Far from the friendly confines of Little Arabia, CHAM-YA serves its Middle Eastern dishes from the back of an industrial park lost amidst an area of industrial parks. It's one of the strangest restaurant locales I've encountered—stranger than the trunk of a car, even. The dining room feels like it housed a dental office a week ago, and Cham-Ya's façade suggests the type of smelly deli reviled by thousands of county industrial-park drones. But the haphazard look is expected, even understood. Cham-Ya's owners operated a catering business for years and rented this property three months ago to expand their operations. Loyal customers insisted they open a takeout stand, so the owners improvised with what they had.

Looks don't matter here. Cham-Ya is one of the few OC restaurants to specialize in Syrian cuisine: Middle Eastern mainstays such as beef and garlic-rubbed rotisserie chicken are available alongside such obscure favorites as yalanje (similar to dolmas, but better, since they contain marinated chicken and lemon zest) and boraks, bite-sized mini-pies stuffed with spinach or cheese that will replace your Egg McMuffin fix for good. You'll recognize the chicken shawerma and falafel pita sandwiches, but not so much those featuring halloumi (a salty goat's cheese) and basturma, thinly sliced petals of dry-cured beef that's half-proscuitto, half-jerky, all yummy.

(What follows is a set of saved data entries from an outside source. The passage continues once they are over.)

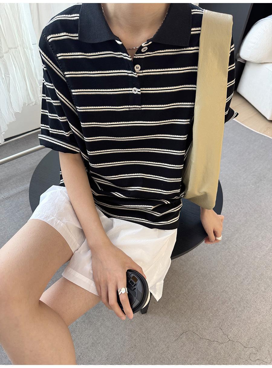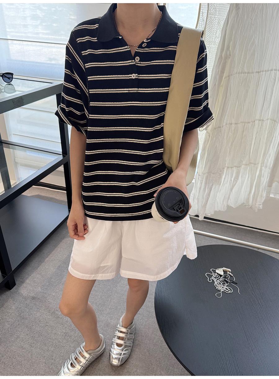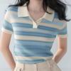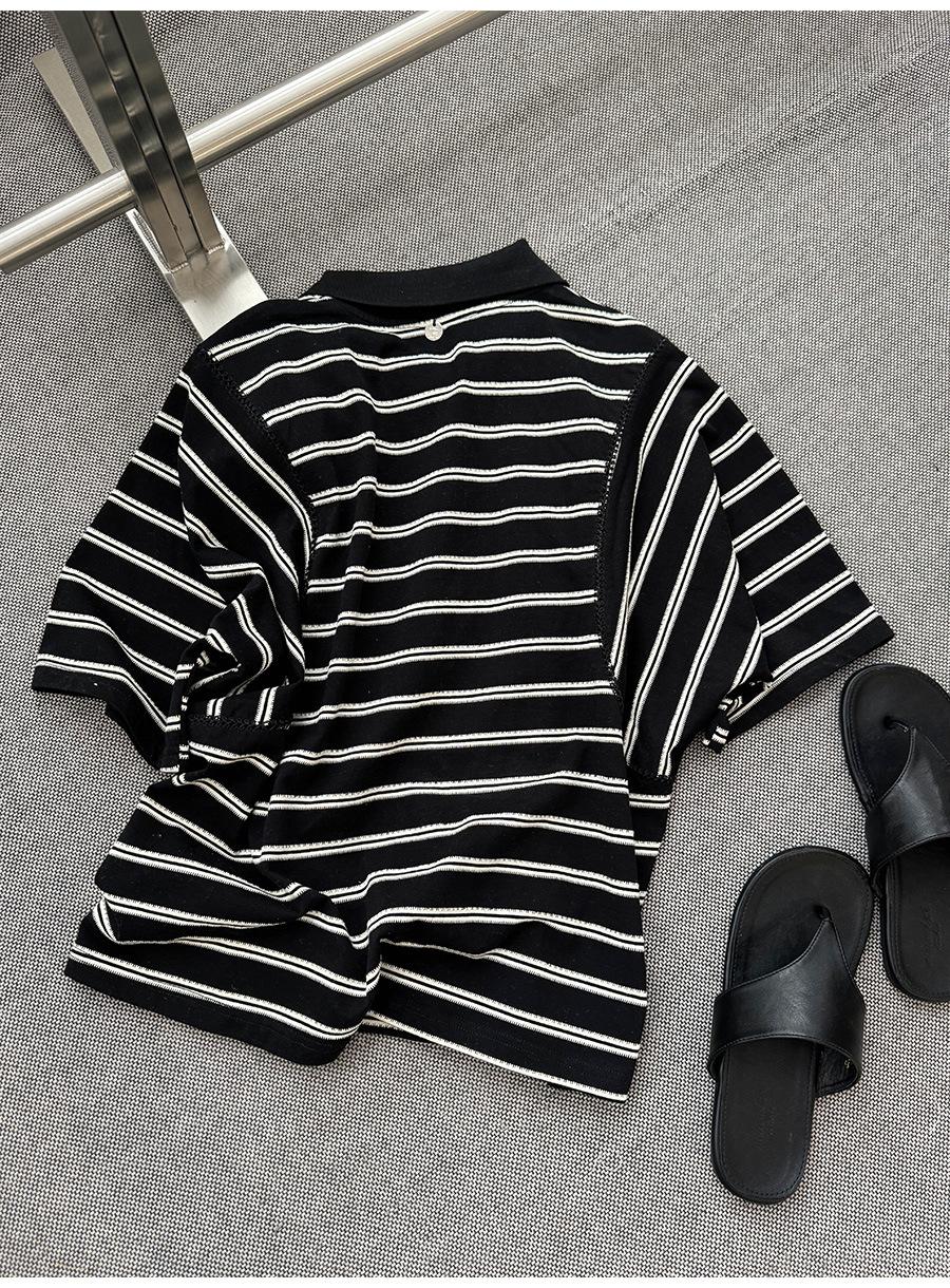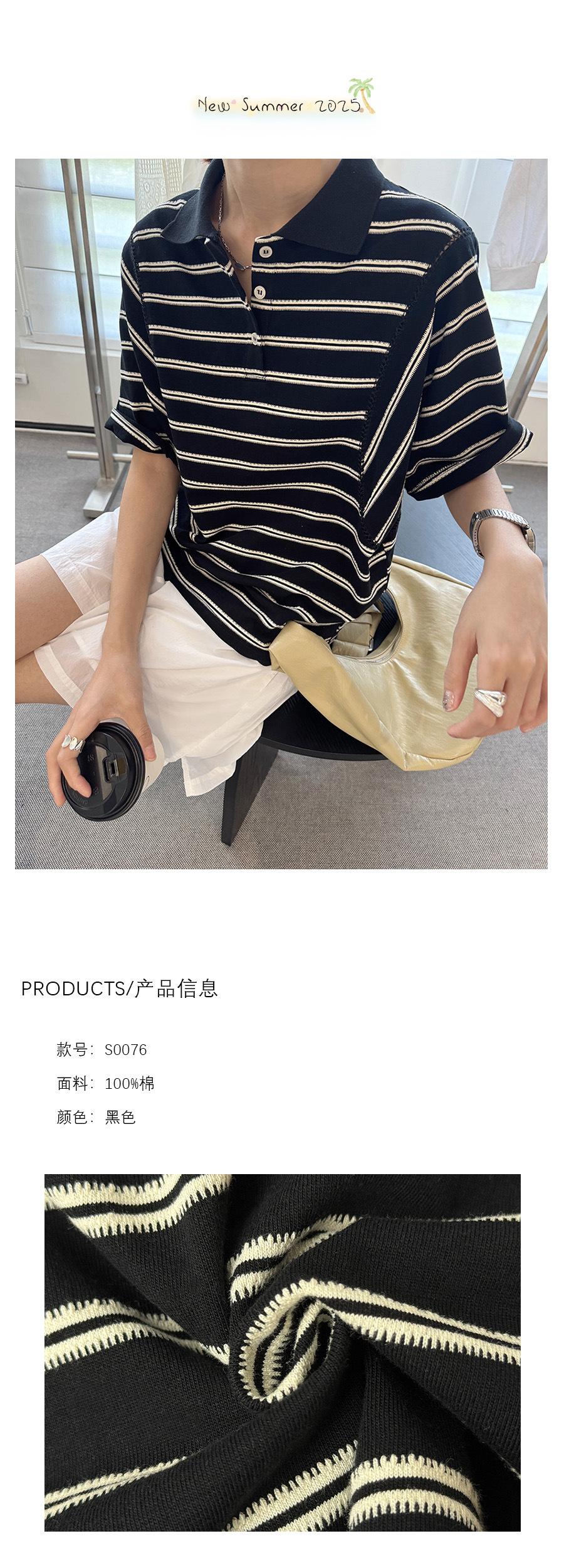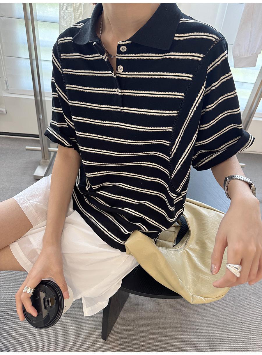 Li Nuoxia Nueva Camiseta Polo Casual a Rayas de Manga Corta para Mujer Diseño Nicho Holgada Slim Top
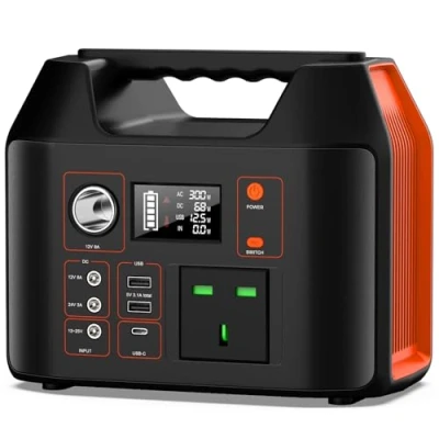 Portable Power Station 300W 296Wh Solar Generator with 230V Pure Sine Wave AC Inverter/12V DC/USB Outputs, Battery Pack for Outdoor Camping, RV, Emergency Supply(Solar Panel Not Included)
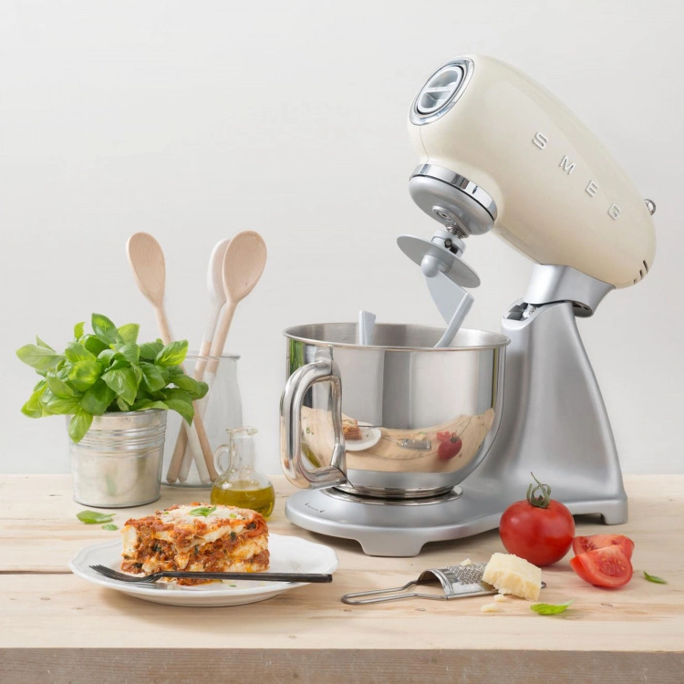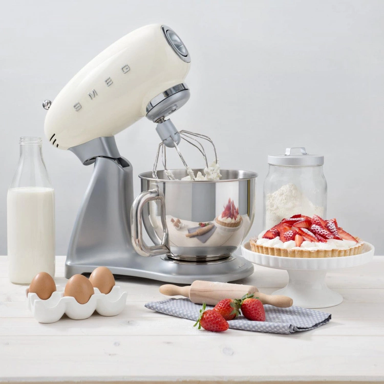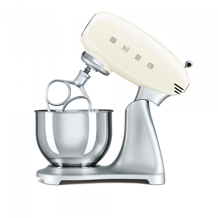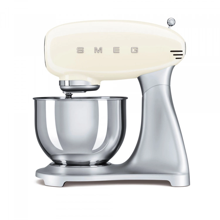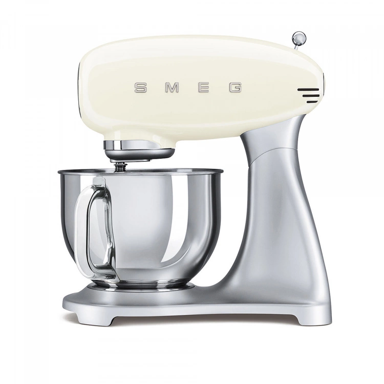 Smeg Köksmaskin Creme är en prisbelönt köksassistent som har kommit att bli en stilikon världen över. Köksmaskinen ingår i den populära retroserien med 50-talsstil från Smeg och är tillverkad i formpressad aluminium men en ergonomisk design. Den polerade bunken i rostfritt stål på 4,8 liter täcker de flesta användningsområden och är försedd med ett handtag som underlättar placering och borttagning. Smeg Köksmaskin Creme har tio hastigheter, planetär blandningsfunktion och ett säkerhetsstopp som utlöses när motorarmen lyfts eller vid överbelastning. Den har en inbyggd sladdvinda och gummitassar gör att maskinen står stadigt. Smeg Köksmaskin finns i sju olika färger.
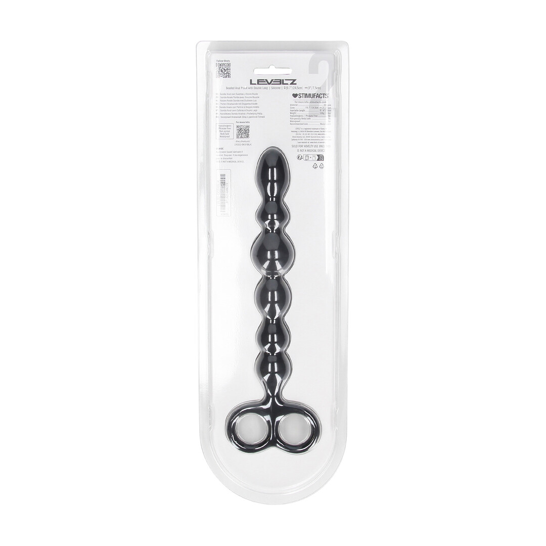 Level up your control and sensation with the beaded anal probe from the LEVELZ collection. Crafted from premium silicone, this Level 2 design features a slim, flexible shaft lined with smooth beads that build intensity with every insertion. The double loop base offers extra-secure handling and easy retrieval, making it perfect for deeper exploration or partner-assisted play. Designed for smooth gliding and responsive movement, this probe is built for users who crave a rhythmic, progressive anal experience. Packaged in a sleek clamshell for bold retail presentation.
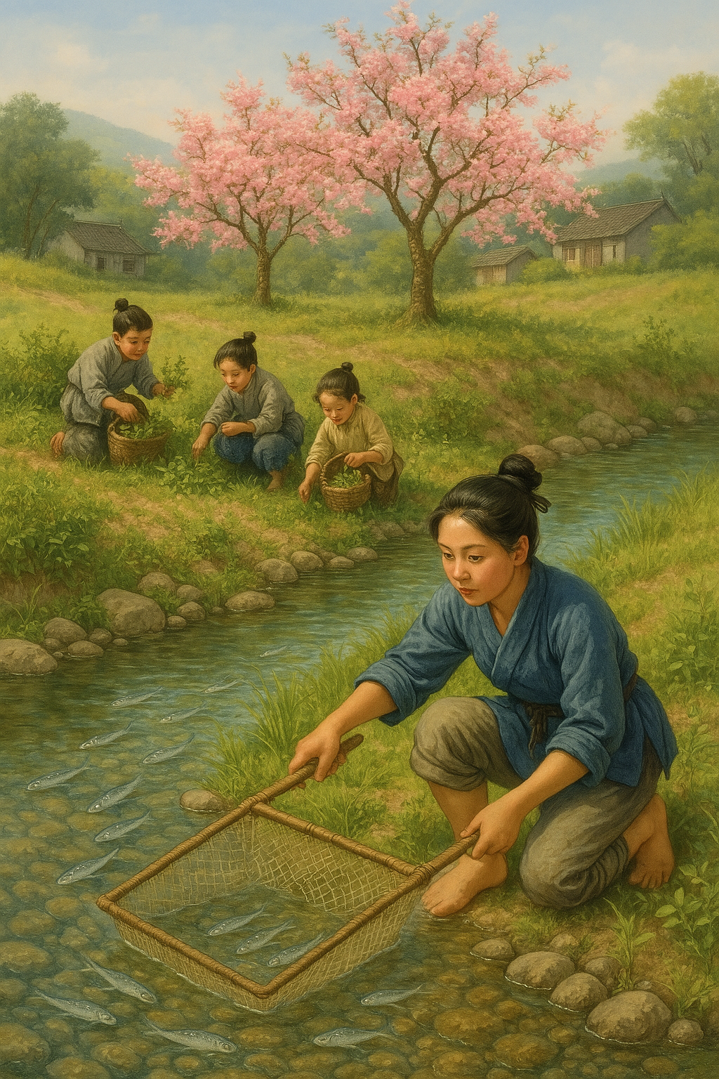 — Может быть, назовём наш рисунок в честь Чжэндина? — предложил он, направляясь к подставке с кистями. — Река Ча, протекающая через Чжэндин, берёт начало в реке Хуто. В «Чжоули» её называют Тучным омутом, а во времена Северной Вэй — рекой Циннин. Давай выберем что-нибудь из этого.
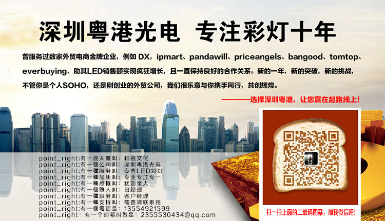 深圳粵港光電有限公司位於中國電子之都,是一傢集研發,生產,銷售為一體的專業彩燈製造廠。主營產品為LED彩燈燈串,LED彩虹管,護欄管,米燈,LED網燈,LED窗簾燈,LED流星雨,LED瀑佈燈,電池燈,盆景造型樹燈,舞臺背景裝飾燈,城市規劃裝飾燈等系列。本公司擁有全套國際先進自動化設備,生產製程嚴格按照IS09001《2000》管理程序運作管理,加上訓練有素的員工及管理隊伍,以確保本公司能在最快的時間內以“最優良的品質,最合理的價格,最完美的服務”來滿足客戶的要求。
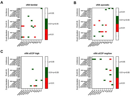 Next, to further test whether eRA sensitivity to infections in the year preceding the date of examination was not only qualitative but also quantitative, which may indicate an altered immune anti-infectious response, the analysis was repeated considering both the number of events and the episode duration per event (Table 5, Figure 3A). Indeed, when considering total individual infections, both parameters were increased in the year preceding the date of examination in the eRA subgroup as compared to the controls. Such an effect was related to the reporting of an increased number of events regarding viral-suspected URI (p < 0.0001). Moreover, episode duration was increased in eRA patients for bacterial-related URI (p = 0.0001), acute tonsillitis (p = 0.002), and acute bronchitis (p = 0.04). Of important note, such effects appeared to be independent of the familial/sporadic and ACPA status of the eRA subgroups.
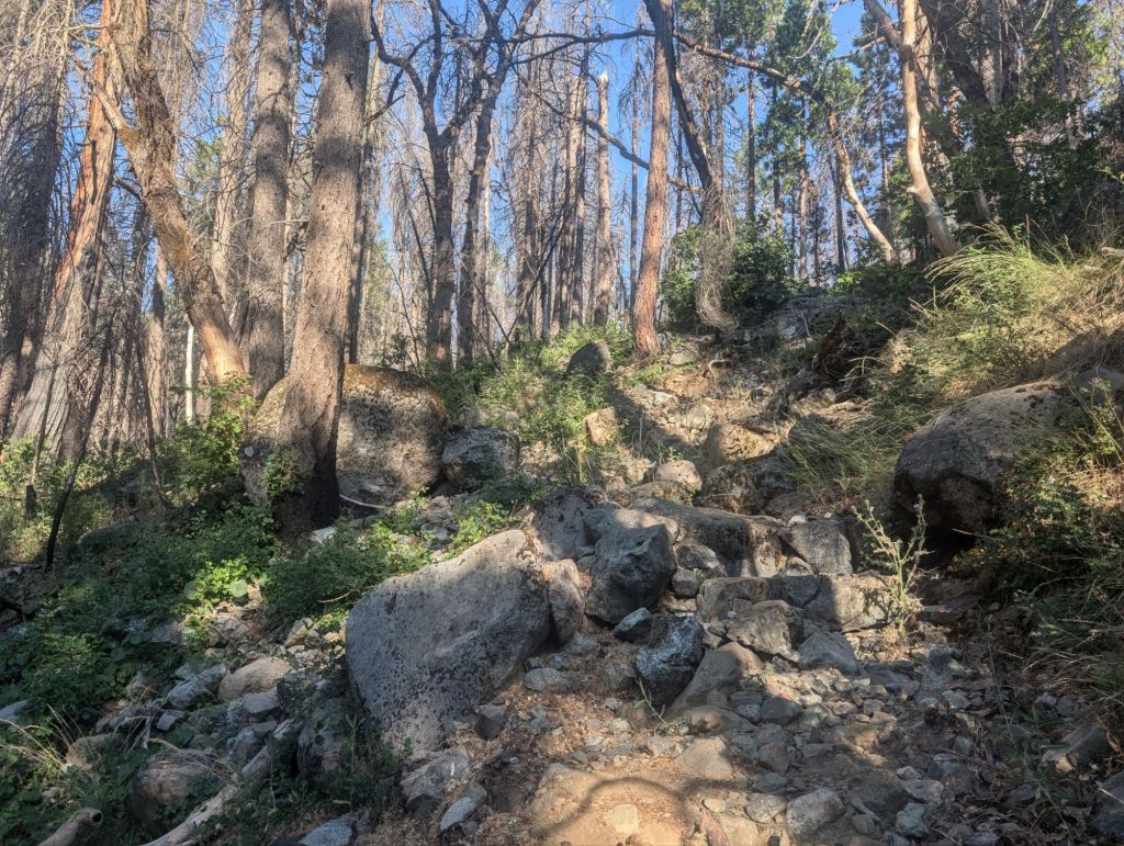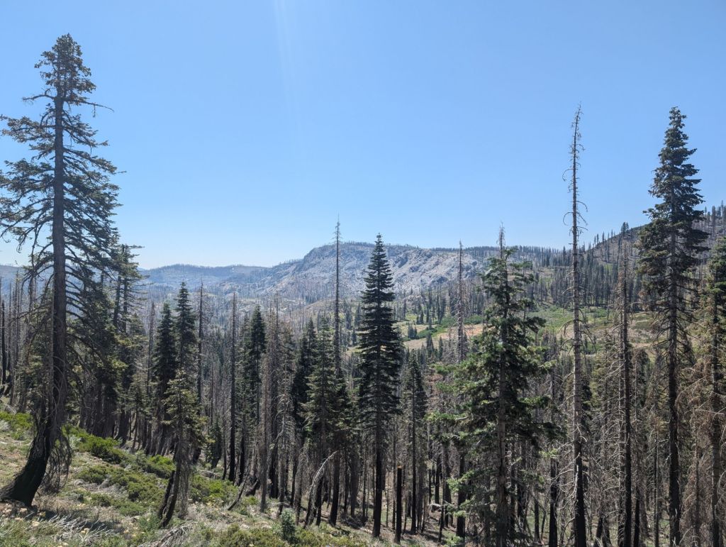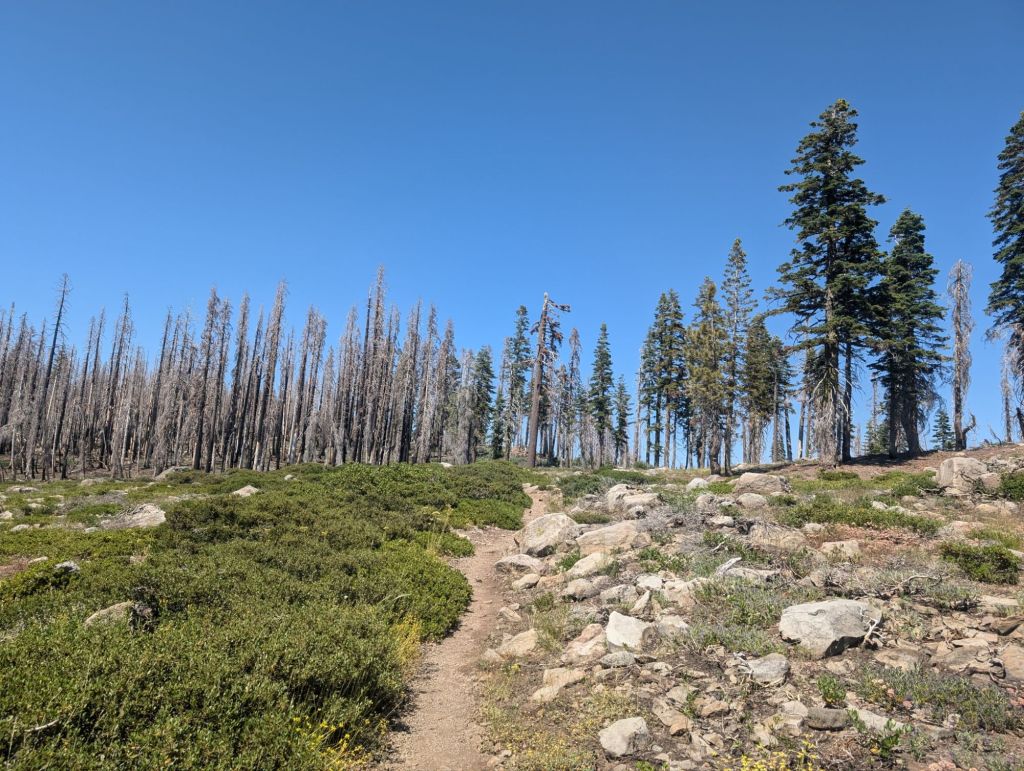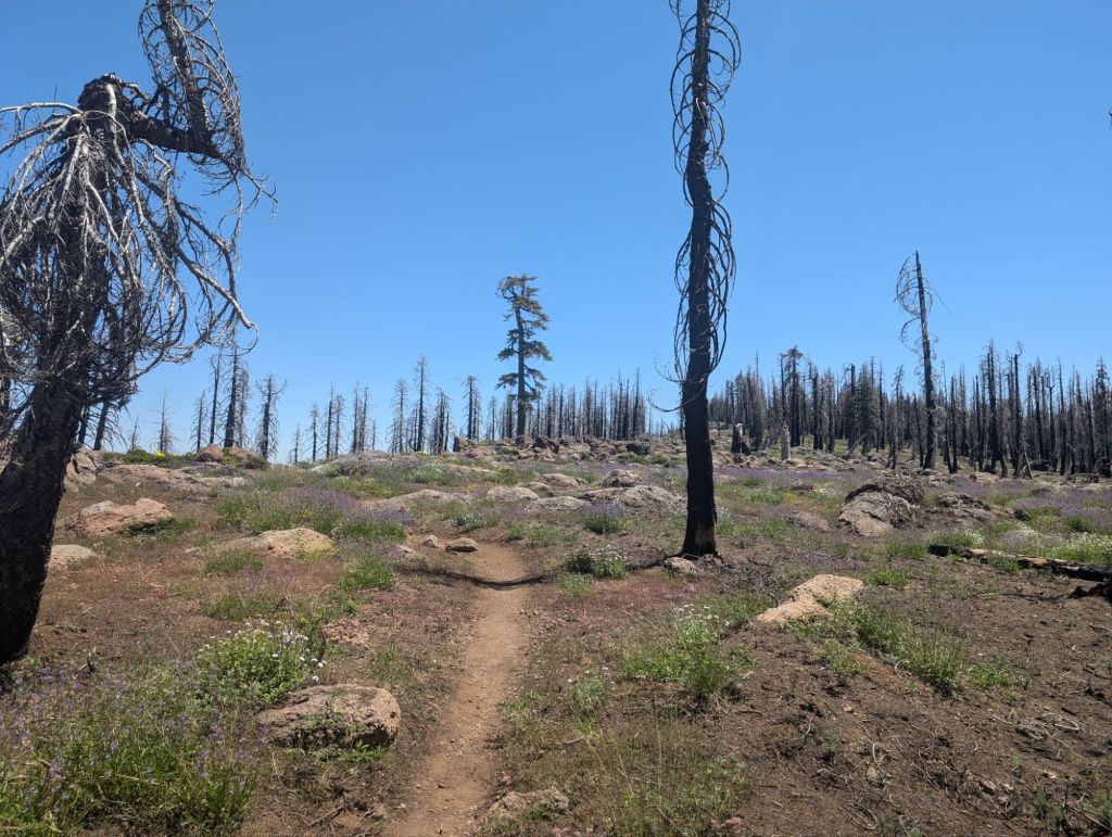 Nach einer langen Pause von über 2h habe ich mich an das letzte Stückchen des Tages gemacht. Vier Meilen hin zur Cold Springs. Und die vergingen nicht nur schnell, sondern waren trotz der Burn Zone auch schön.

But the best dish is offered only during the weekends—and only for breakfast: foual (pronounced "fool"), an extraordinarily simple bowl of garbanzo and fava beans, lemon juice, olive oil, cooked tomatoes, and a dash of sumac. Cham-Ya's owner says this is the national Syrian breakfast, and just one bite explains the love. Foual uses olive oil as a broth rather than a mere garnish, drawing out the earthy sweetness of the garbanzos and favas until the mixture's as tasty as porridge. Combined with the juiciness of the tomato slices and the lemon's tartness, the legume mush becomes slightly tart—and the sumac adds spice to open your palate, but not overwhelm its co-stars. Ignore the cutlery, and devour the foual as they do in Damascus: with slices torn from the basket of steaming, fluffy pita bread.

Cham-Ya only offers a couple of dishes for restaurant patrons—most of the offerings are available only on the catering menu, where even more rarities await. But to try those, you must order in bulk, attend someone's Arabic wedding, or visit so often that Cham-Ya earns enough money to further expand its restaurant. Or do all three!